> There is a confusion on setting max Rx packet length, this patch aims to
> clarify it.
>
> 'rte_eth_dev_configure()' API accepts max Rx packet size via
> 'uint32_t max_rx_pkt_len' field of the config struct 'struct
> rte_eth_conf'.
>
> Also 'rte_eth_dev_set_mtu()' API can be used to set the MTU, and result
> stored into '(struct rte_eth_dev)->data->mtu'.
>
> These two APIs are related but they work in a disconnected way, they
> store the set values in different variables which makes hard to figure
> out which one to use, also having two different method for a related
> functionality is confusing for the users.
>
> Other issues causing confusion is:
> * maximum transmission unit (MTU) is payload of the Ethernet frame.

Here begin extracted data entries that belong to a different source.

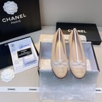 Chanel Embroidered Espadrille Leather Black Cap Toe Flats White Cc
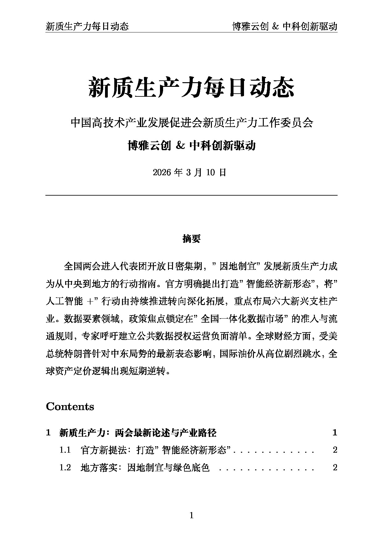 中国高技术产业发展促进会新质生产力工作委员会 | 2026年3月10日
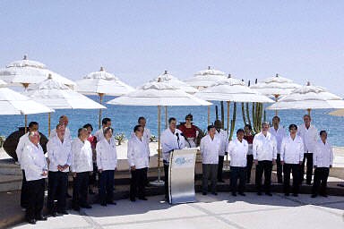 記者看到,上午八時(shí)半左右,墨西哥總統(tǒng)?怂辜丛跁(huì)場(chǎng)外一一迎候與會(huì)者。九時(shí)許,按APEC傳統(tǒng),與會(huì)領(lǐng)導(dǎo)人和代表著東道主提供的特色民族服裝拍攝“全家!。與上屆上海峰會(huì)的中式唐裝相比,今天的“瓜亞貝拉”同樣極有“個(gè)性”,它是墨西哥東南部流行的一種傳統(tǒng)服裝,為精一色的白色,有四個(gè)胸袋。合照背景為太平洋碧藍(lán)的大海,藍(lán)白相襯,在美麗的洛斯卡沃斯留下了一道亮麗的風(fēng)景線。
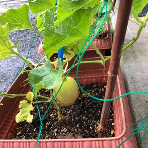 【🍈メロン(ネット系・青肉)品種不明】食べ終えた種から育てる!🌱3/27日、1回目の種まきは萎れて失敗💧4/19日、2回目の種まきから順調に育って。6/9日プランターに定植し、6/16日に1番花が咲きました。小玉スイカみたいに、空中栽培の予定です!難しいと言われているメロン…実がなるといいなぁ〜💕
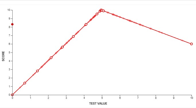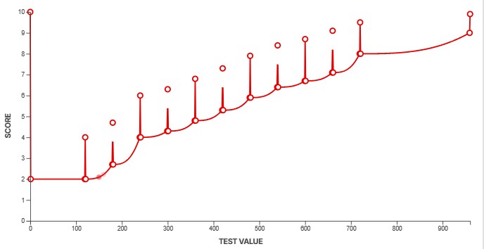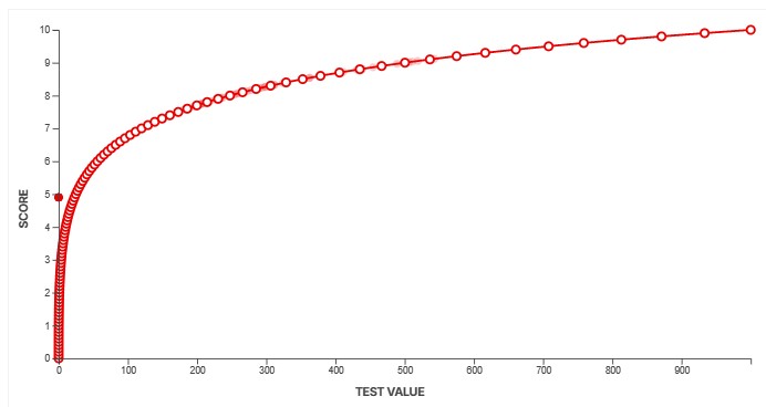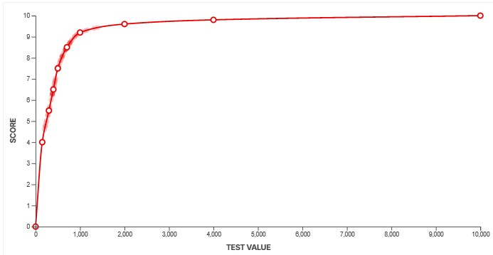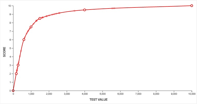 To convert our measurements into scores, we use a feature called a scoring spline. When creating a new test, we define the scoring curve at the same time to ensure our scores align with the scoring guidelines outlined above. We need to know what a good value looks like and how noticeable anything above and below that measurement would be. This defines the overall slope at certain points along the curve. For example, some aspects of a product's performance might yield diminishing returns beyond a certain point. We can adjust the curves to make sure that's accounted for. Other aspects might have a more linear slope, depending on how a change in performance impacts the end user.

And
> 'max_rx_pkt_len' is the size of the Ethernet frame. Difference is
> Ethernet frame overhead, and this overhead may be different from
> device to device based on what device supports, like VLAN and QinQ.

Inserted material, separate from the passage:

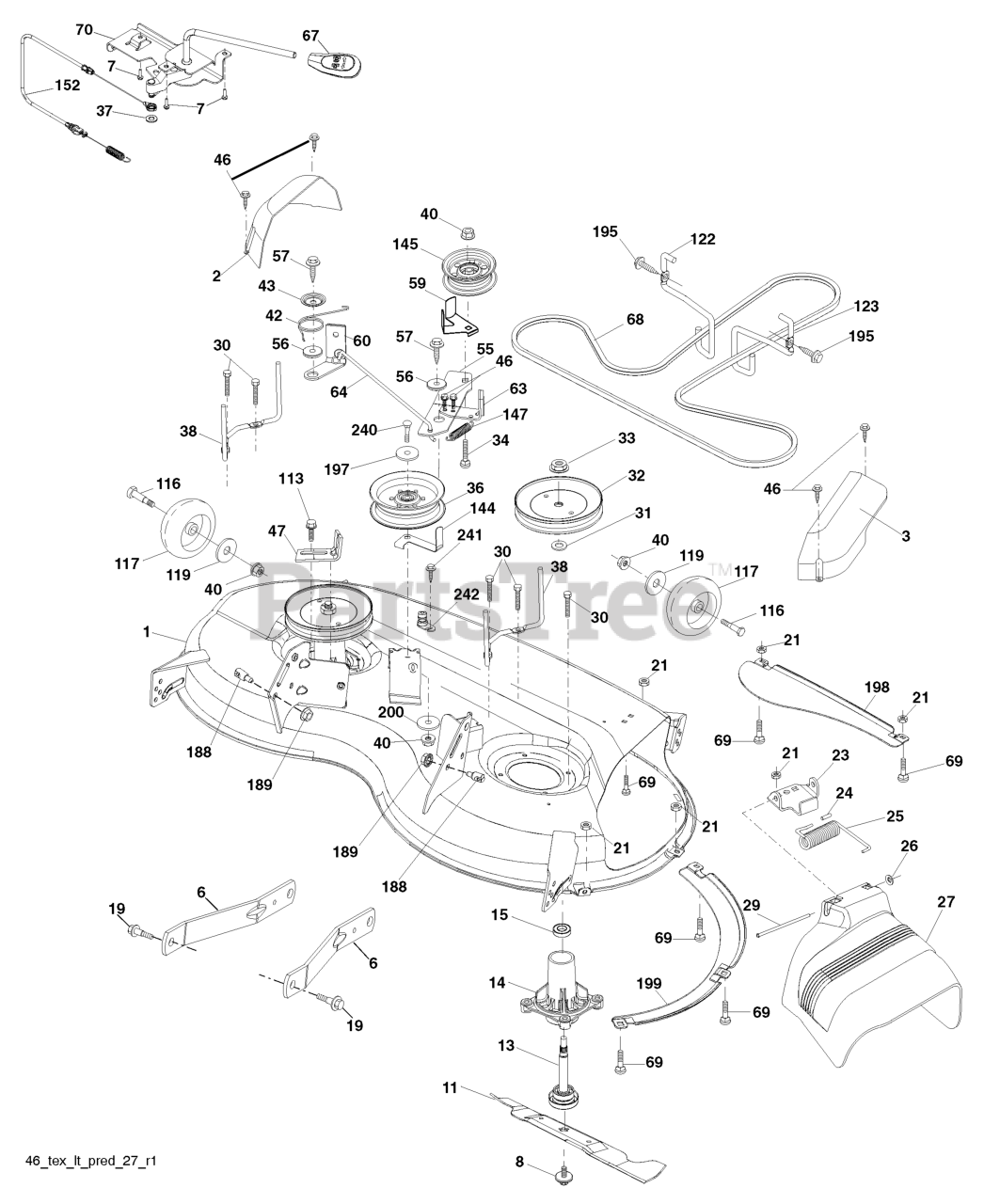 Note: (Includes housing, shaft assembly, and bearing only - pulley/nut/washer and blade bolt/washers not included)

> * 'max_rx_pkt_len' is only valid when application requested jumbo frame,
> which adds additional confusion and some APIs and PMDs already
> discards this documented behavior.
> * For the jumbo frame enabled case, 'max_rx_pkt_len' is an mandatory
> field, this adds configuration complexity for application.
>
> As solution, both APIs gets MTU as parameter, and both saves the result
> in same variable '(struct rte_eth_dev)->data->mtu'. For this
> 'max_rx_pkt_len' updated as 'mtu', and it is always valid independent
> from jumbo frame.
>
> For 'rte_eth_dev_configure()', 'dev->data->dev_conf.rxmode.mtu' is user
> request and it should be used only within configure function and result
> should be stored to '(struct rte_eth_dev)->data->mtu'. After that point
> both application and PMD uses MTU from this variable.
>
> When application doesn't provide an MTU during 'rte_eth_dev_configure()'
> default 'RTE_ETHER_MTU' value is used.
>
> Additional clarification done on scattered Rx configuration, in
> relation to MTU and Rx buffer size.
> MTU is used to configure the device for physical Rx/Tx size limitation,
> Rx buffer is where to store Rx packets, many PMDs use mbuf data buffer
> size as Rx buffer size.
> PMDs compare MTU against Rx buffer size to decide enabling scattered Rx
> or not. If scattered Rx is not supported by device, MTU bigger than Rx
> buffer size should fail.
LGTM in general, one question below.
...
> diff --git a/lib/ethdev/rte_ethdev.c b/lib/ethdev/rte_ethdev.c
> index daf5ca924221..4d0584af52e3 100644
> --- a/lib/ethdev/rte_ethdev.c
> +++ b/lib/ethdev/rte_ethdev.c
> @@ -1324,6 +1324,19 @@ eth_dev_validate_offloads(uint16_t port_id, uint64_t
> req_offloads,
> return ret;
> }
>
> +static uint16_t
> +eth_dev_get_overhead_len(uint32_t max_rx_pktlen, uint16_t max_mtu)
> +{
> + uint16_t overhead_len;
> +
> + if (max_mtu != UINT16_MAX && max_rx_pktlen > max_mtu)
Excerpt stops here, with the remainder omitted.